Les start-up étrangères s'engouffrent aussi dans la brèche. Rakia Group, structure cyber-gouvernementale israélienne, vient de créer une filiale US pour proposer ses outils d'IA de cyber-renseignement : cartographie de flux du dark Web, messageries cryptées, signaux maritimes. Ses outils permettent de repérer les navires dont les mouvements ne correspondent pas aux registres. À la frontière mexicaine, l'armée américaine déploie également Moodro, start-up ukrainienne, pour neutraliser les drones des cartels sur un rayon de 16 km. « Nous concentrons d'abord nos investissements en Ukraine, mais l'intérêt américain est vif », confirme au WSJ son fondateur Michael Obod.

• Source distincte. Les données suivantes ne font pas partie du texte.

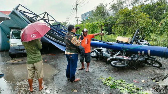 "Papan reklame roboh ke badan jalan. Ada 5 sepeda motor dan satu mobil pikap (yang tertimpa)," kata Kholil.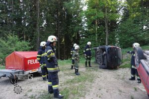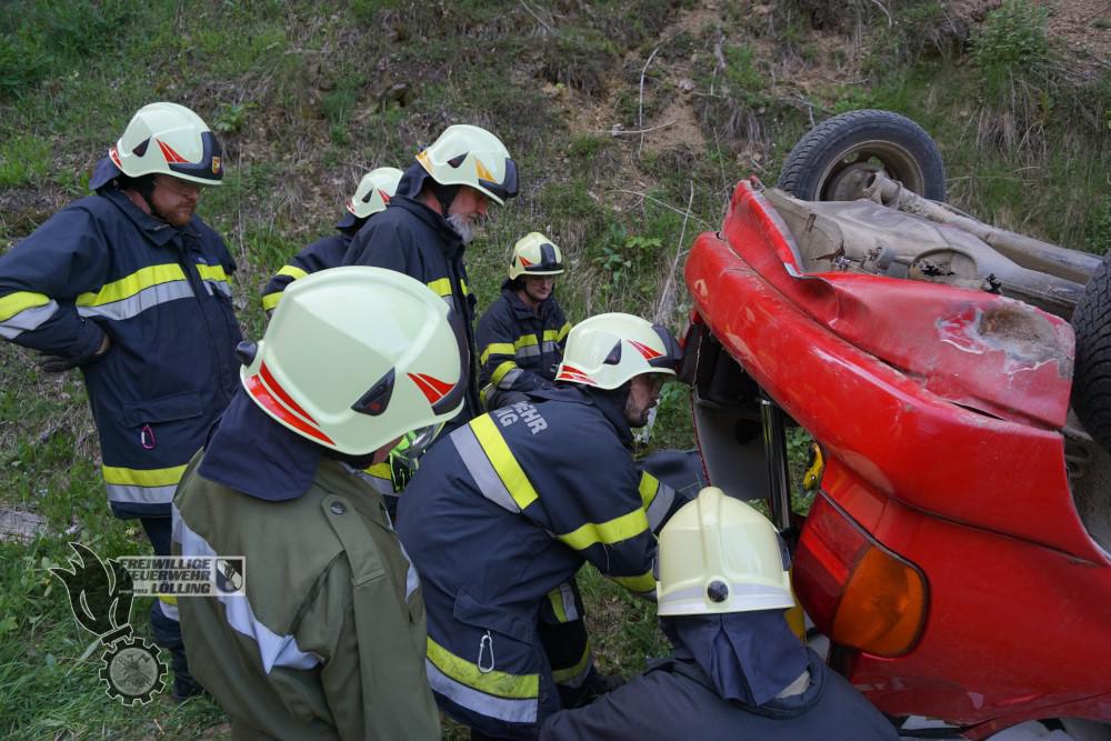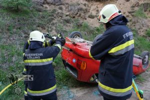 Nach der Erstversorgung durch unseren Feuerwehrarzt Dr. Obmann konnten die 2 verletzten Personen mittels der Korbschleiftrage über eine Leiter geborgen werden und der Rettung zur weiteren Versorgung übergeben werden. Der PKW wurde durch ein Abschleppunternehmen geborgen.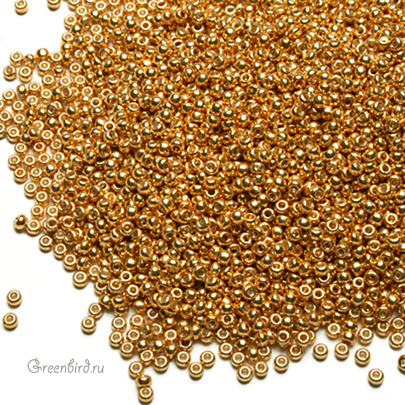 Японский круглый бисер TOHO, размер 11/0. Цвет #PF557 (Permanent Finish гальванизированный, золотой).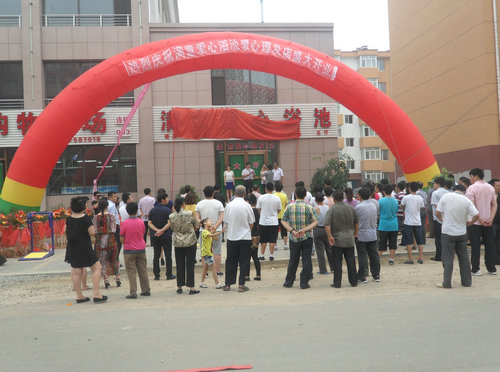 开业庆典上,崔维家和台安满意连锁店总经理赵忠良共同为满意爱心浴池、满意爱心理发店揭牌。(董克俭 赵莹光)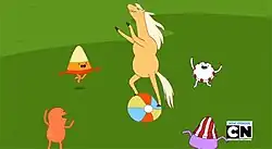 2. ^ Muto, Adam (supervising director); Nick Jennings (art director); Pendleton Ward & Somvilay Xayaphone (storyboard artists) (May 6, 2013). "James Baxter the Horse". Adventure Time. Season 5. Episode 19. Cartoon Network.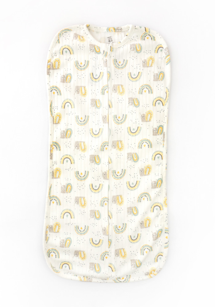 Еластична тканина повторює контури тіла новонародженого, не обмежуючи рухів. Завдяки зручній блискавці пелюшку-кокон легко знімати та надягати, не порушуючи сон дитини. Кокон запобігає самовільним рухам ручками, що часто будять немовля. Нейтральне забарвлення з веселками підходить як для хлопчиків, так і для дівчаток.

Le gouvernement mise sur la sécurité : 165 milliards sur la table
Pendant que Trump coupe à la tronçonneuse dans les budgets fédéraux, les dépenses de défense et de surveillance explosent. Son projet de loi de finances, le One Big Beautiful Bill Act (H.R. 1, adopté le 4 juillet 2025, alloue 165 milliards de dollars supplémentaires au Département de la Sécurité intérieure sur dix ans. Au menu : 6 milliards pour les technologies de surveillance à la frontière mexicaine, 1 milliard pour le Pentagone (lutte antidrogue et surveillance des frontières), 4 milliards pour l'acquisition de nouveaux patrouilleurs des garde-côtes, et 350 millions pour la robotique et les systèmes autonomes. « Il y a des priorités et des fonds, déclare Mark Cancian, conseiller au Centre d'études stratégiques et internationales et colonel des Marines à la retraite. Pour les entreprises, c'est une bonne chose. »

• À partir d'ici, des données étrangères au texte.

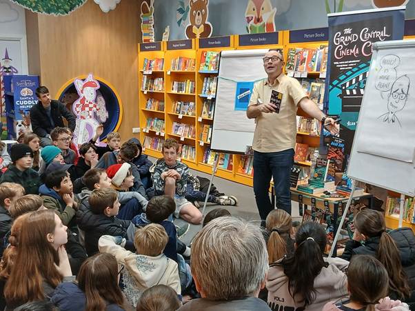 On Wednesday, all of our 6th Class students took a very exciting trip to Dubray Bookshop on Mary Street for a special author event with the brilliant Alan Nolan. Alan introduced us to his brand-new book, The Grand Central Cinema Club, and shared the stories and ideas that inspired it.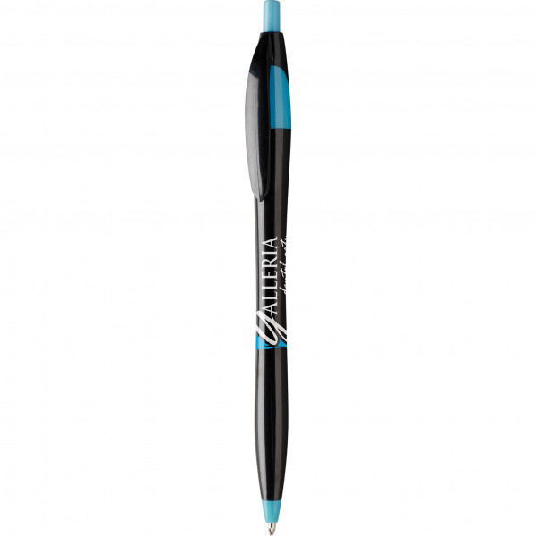 Glossy black barrels framed by neon brights make your imprint pop, making this an ideal promotional product for showcasing your brand. With a guaranteed ultra-smooth writing experience and durable construction, this pen is a standout favorite for giveaways, events, or daily use. Available with black or blue ink (blue ink is the default).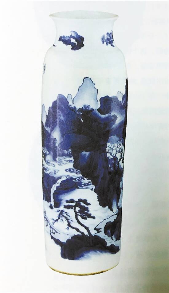 ■清顺治十年 青花山水纹筒瓶 上海博物馆藏 《瓷之纹》供图 |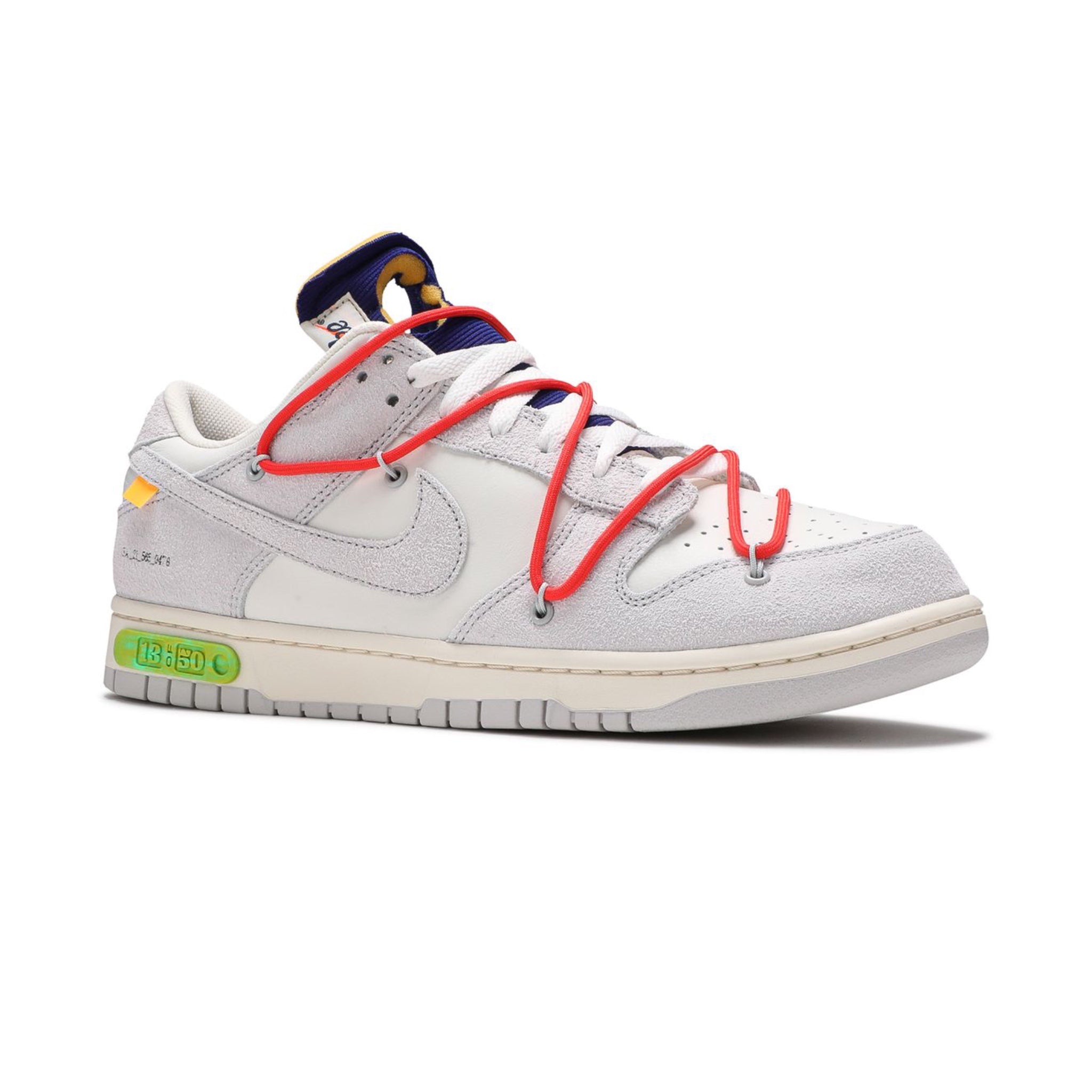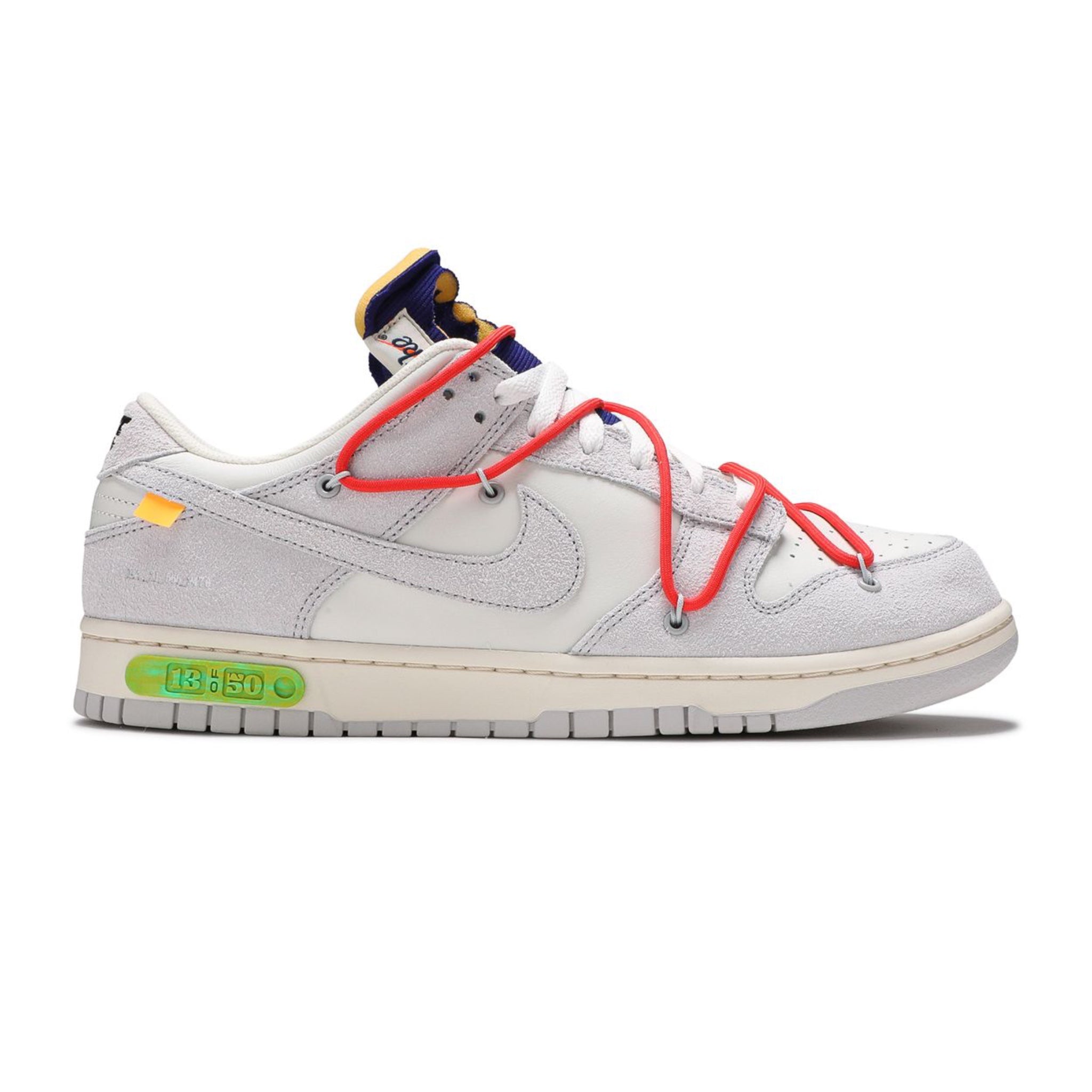 The Off-White Nike Dunk Low is part of the collection dubbed 'Dear Summer,' an expansive sequel to Virgil Abloh's initial 2019 collaboration with Nike Dunk. The shoe has a white leather upper accentuated by overlays in light grey canvas. It features a plastic zip tie and printed Helvetica text, characteristic design elements of Virgil Abloh. Hits of contrasting color appear with its zip-tie, secondary lacing system, rectangular tab attached to the Swoosh, and exposed-foam tongue. The lateral midsole is adorned with a '13 of 50' badge, indicating that only 50 pairs of this shoe were produced.

Un complexe militaro-entrepreneurial financé par les géants de la tech
Le gouvernement américain n'est pas le seul à investir. Si le narcotrafic est censé prendre cher, c'est la DefTech qui remporte la mise. 2025 sera une année record avec 7,7 milliards de dollars levés en capital-risque DefTech, soit une croissance de + 141 % sur un an. C'est le secteur le plus bouillonnant derrière l'intelligence artificielle et 10 nouvelles licornes sont apparues sur ce marché en 2025. Par ailleurs, quelques gros investisseurs raflent la mise : cinq fonds contrôlent plus de 70 % des méga-deals de la DefTech. Tous confortent les intérêts financiers de proches de Donald Trump : Founders Fund (Peter Thiel), Andreessen Horowitz, 8VC (Joe Lonsdale, cofondateur de Palantir), Shield Capital et Lux Capital. Joe Lonsdale conseille le programme DOGE d'Elon Musk, David Sacks (ex-PayPal Mafia) est devenu « AI & Crypto Czar » à la Maison Blanche.

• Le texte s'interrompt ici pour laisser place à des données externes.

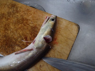 “落ち鱧”と呼ばれている、輸送中や生簀の中で死んでしまった鱧を、5本仕入れ、ご覧のように、大分産のものが、4本(2,2キロ)で、和歌山産のものが、1本(0,8キロ)でした。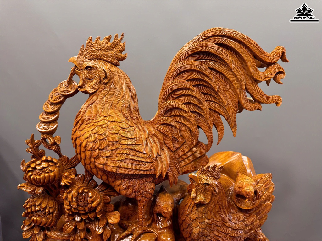 Tượng Gia Đình Gà Toàn Gia Phúc Gỗ Ngọc Am Cao 65 Ngang 64 Sâu 28 (cm)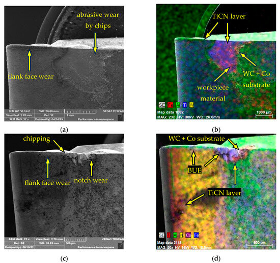 The wear patterns of the main flank face of the CNMG 120408-MP3 WPP20S insert after machining of AISI 4337 steel and the elemental analysis of the worn surfaces are shown in Figure 9a,b. The flank face wear and abrasive wear by chips are clearly visible and are defined with an exposed TiCN layer, locally adhered workpiece material (chips) and even partially exposed support substrate. The wear rate is therefore higher than in the case of flank face wear. In Figure 9c, after the machining of ASIS 316 L steel, chipping, flank face wear and notch wear can be seen at the interface between the cutting edge and the workpiece surface. In Figure 9d, EDX analysis confirms a more intense level of wear at the level of the TiCN layer in the area of the tip of the tool, and the substrate level in the notch wear area, which was partially filled by the workpiece material in the form of BUE. BUE is mainly observed at the areas where the underlying coating layers or substrate material have been exposed. Again, after machining AISI 316 L, the BUE was more extensive due to more intense wear at the level of the substrate.
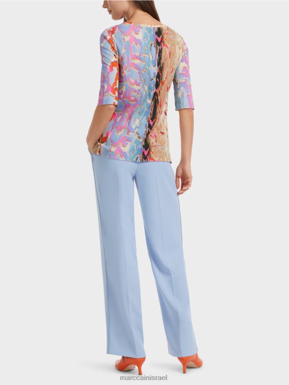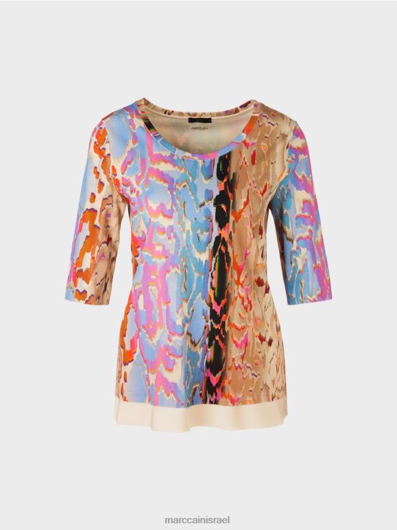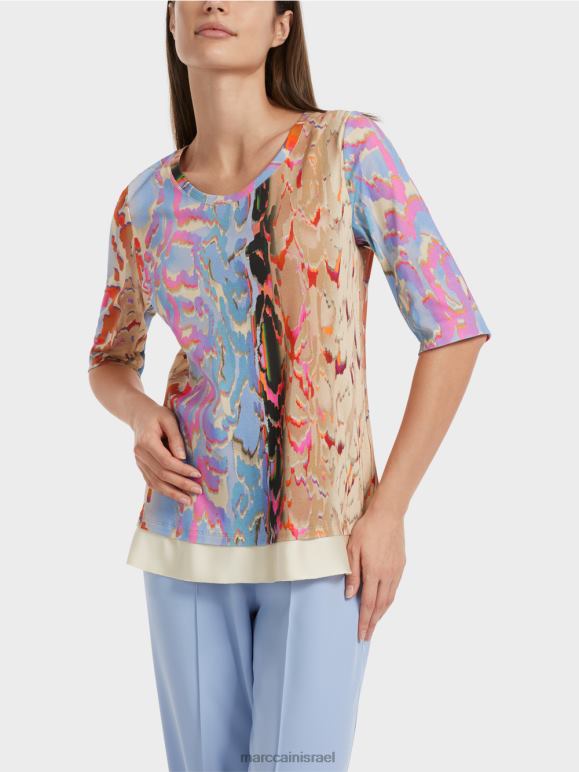 חולצת טריקו מחויטת מכותנה ואלסטן. לוכד העין של הטי שירט הזה הוא ההדפס הצבעוני. הוא גם מקבל ציון גבוה עם צווארון רחב ועגול. השרוולים באורך חצי. חריצי צד מספקים התאמה נוחה.

Et l'Europe dans tout ça ? Les dépenses militaires des États membres de l'Union européenne ont bondi de + 17% en 2024, une croissance supérieure à celle des États-Unis (+ 5,7%). Mais les Américains restent 2,7 fois plus puissants (997 milliards contre 370 milliards de dollars) et financent encore 65 % du développement de la DefTech européenne. 23 frappes, 87 morts, 10 milliards de dollars levés : les frappes soupçonnées de viser à affaiblir le gouvernement du Venezuela et condamnées par l'ONU comme « violations du droit international » sont décidément une très bonne affaire.